Office property experts say 2013 could be the year that the “flight to quality” trend of the past two years plays itself out. A continuing scarcity of large spaces for growth-oriented companies could spur the local market to move beyond its tenant musical-chairs phase, encouraging building owners and developers to move forward with redevelopment and new construction projects.
Caution, however, won’t go away anytime soon, as business operators carefully gauge the national and global economies for signs that it’s time to add workers or boost office footprints.

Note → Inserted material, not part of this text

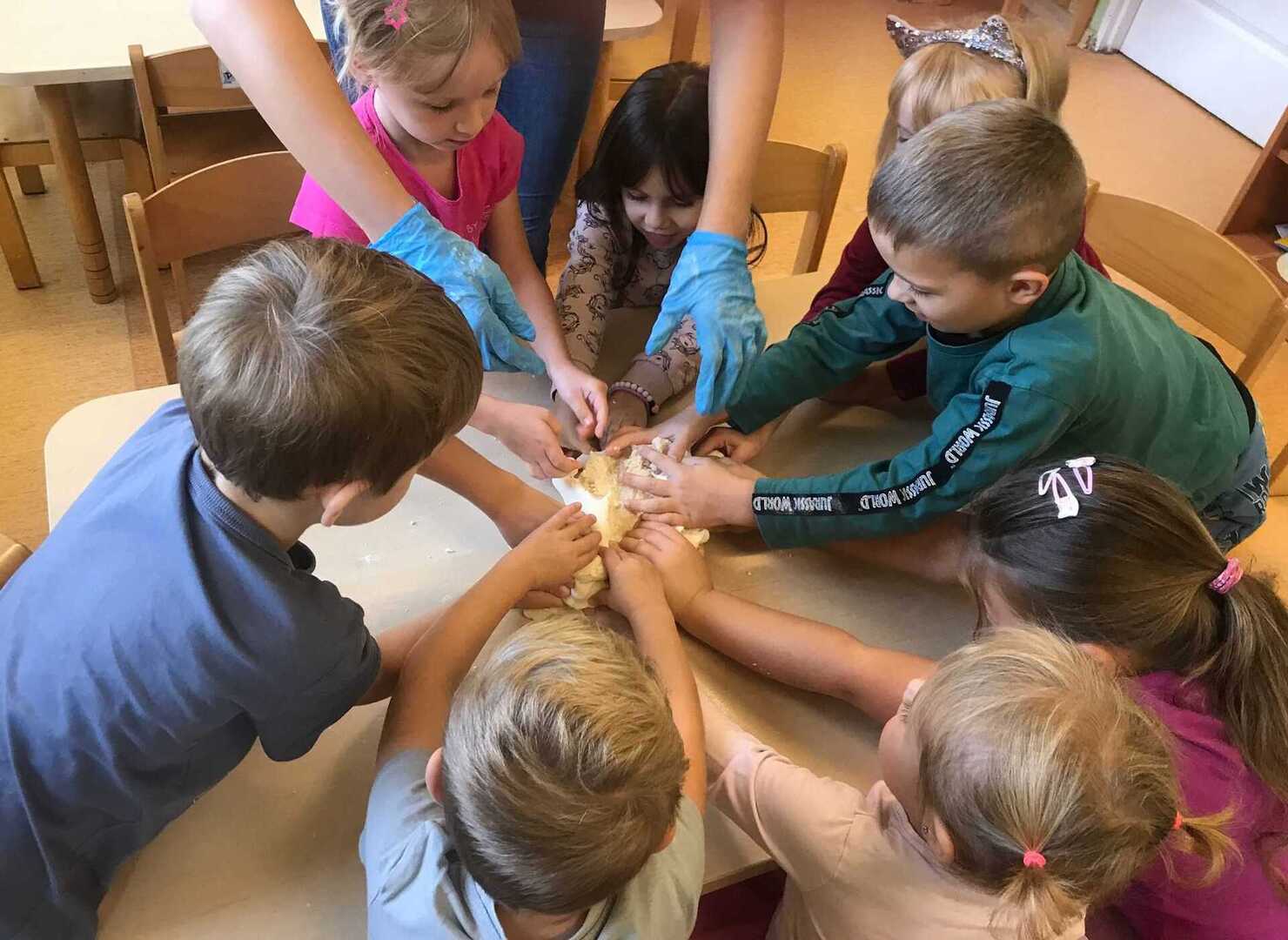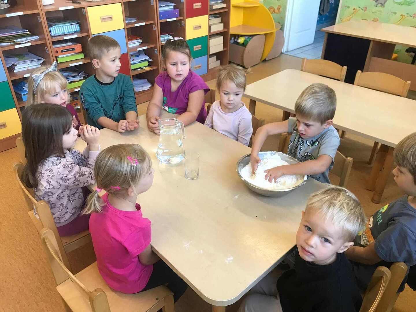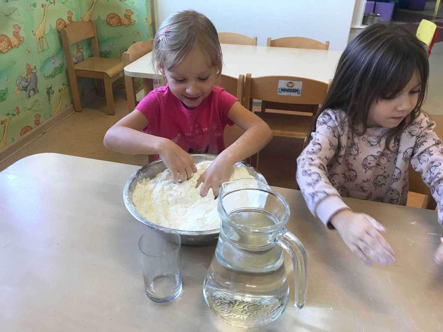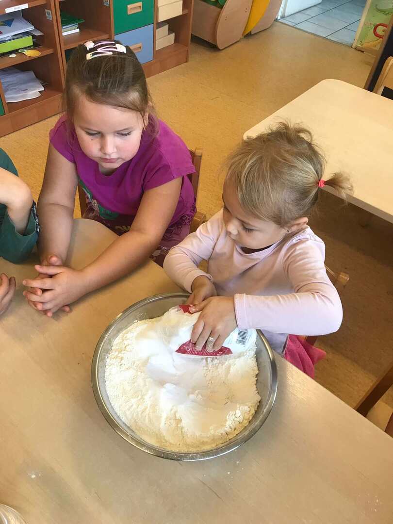 Przedszkolaki musiały najpierw poznać przepis, wsypać do miski składniki oraz je wymieszać. Następnie nadały kształt jeżykowi, uformowały mu nosek i oczka, a także ostrożnie powkładały w jego grzbiet słonecznik. Dzieci poznały prosty przepis na masę solną i mogły zobaczyć, jak się ją przygotowuje. Wykonanie jeżyka wymagało od każdego dużego zaangażowania, ale jedno jest pewne – wszyscy świetnie się bawili podczas tej twórczej pracy.

“There’s really not much more quality left to fly to at this point,” said Richard Gonor, executive vice president in the San Diego office of brokerage firm Jones Lang LaSalle. “Looking forward, it’s probably going to be more of a flight to efficiency, or flight to productivity.”

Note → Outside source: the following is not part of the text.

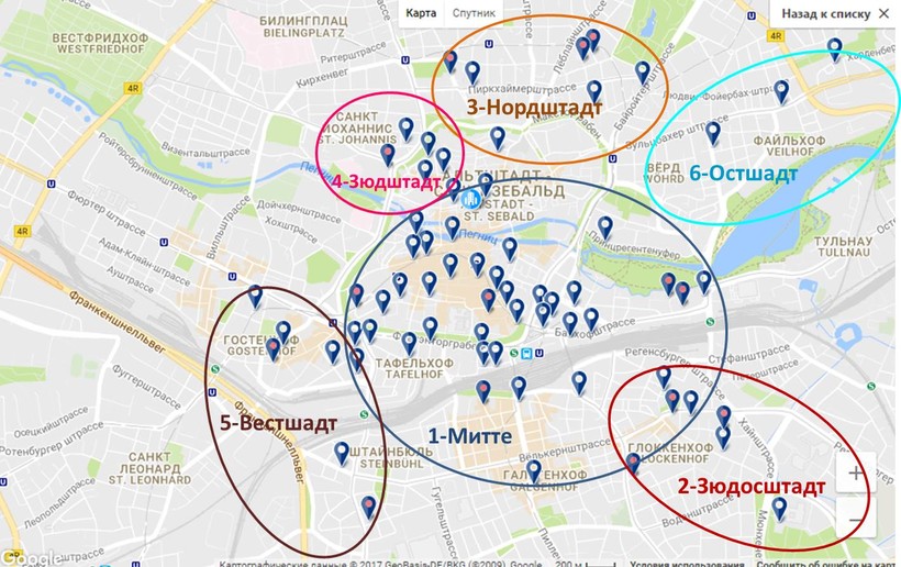 Район Остшадт. Самый спокойный и почти респектабельный район Нюрнберга. Большинство зданий тут расположено возле реки Пегниц. Рядом есть парк, в котором также можно гулять вечерами. Но и платить за проживание здесь придется больше. Стоимость номера за сутки начинается от 69 EUR.

With construction financing, land availability and other constraints still in place, local office construction remains stuck below pre-recession levels, although a few scattered build-to-suit projects have recently moved forward.
One result, Gonor said, could be more existing trophy office towers being put up for sale by their owners in the coming year, as property values and rents rise amid shrinking vacancy rates, especially in the best located Class A buildings.
He said the region will likely see for the time being a continued dichotomy in the market, where Class B locations see less pressure on rents but rising incentives for landlords to upgrade older properties to keep them competitive and attract smaller companies in growing sectors like technology and financial services.
A recent annual report by consulting firm Pricewaterhouse Coopers, also known as PwC, and the Urban Land Institute ranked San Diego 15th on a list of the top 20 U.S. real estate investment and development markets to watch in 2013.
The local region ranked 13th for investment prospects, 17th for development prospects, and 13th for homebuilding prospects.
Based on nationwide surveys of investors and developers, the PwC-ULI report cited rising local tourist traffic, a sizable segment of “echo boomer” consumers, and continued job growth in areas such as technology, although the region’s unemployment rate remained above the national average at the close of 2012.
Local observers note that it could still be late 2013 or early 2014 before significant amounts of new office or industrial projects are placed into the planning pipeline, partly because of lingering skittishness created by federal budget disputes and the state of economies in regions such as Europe.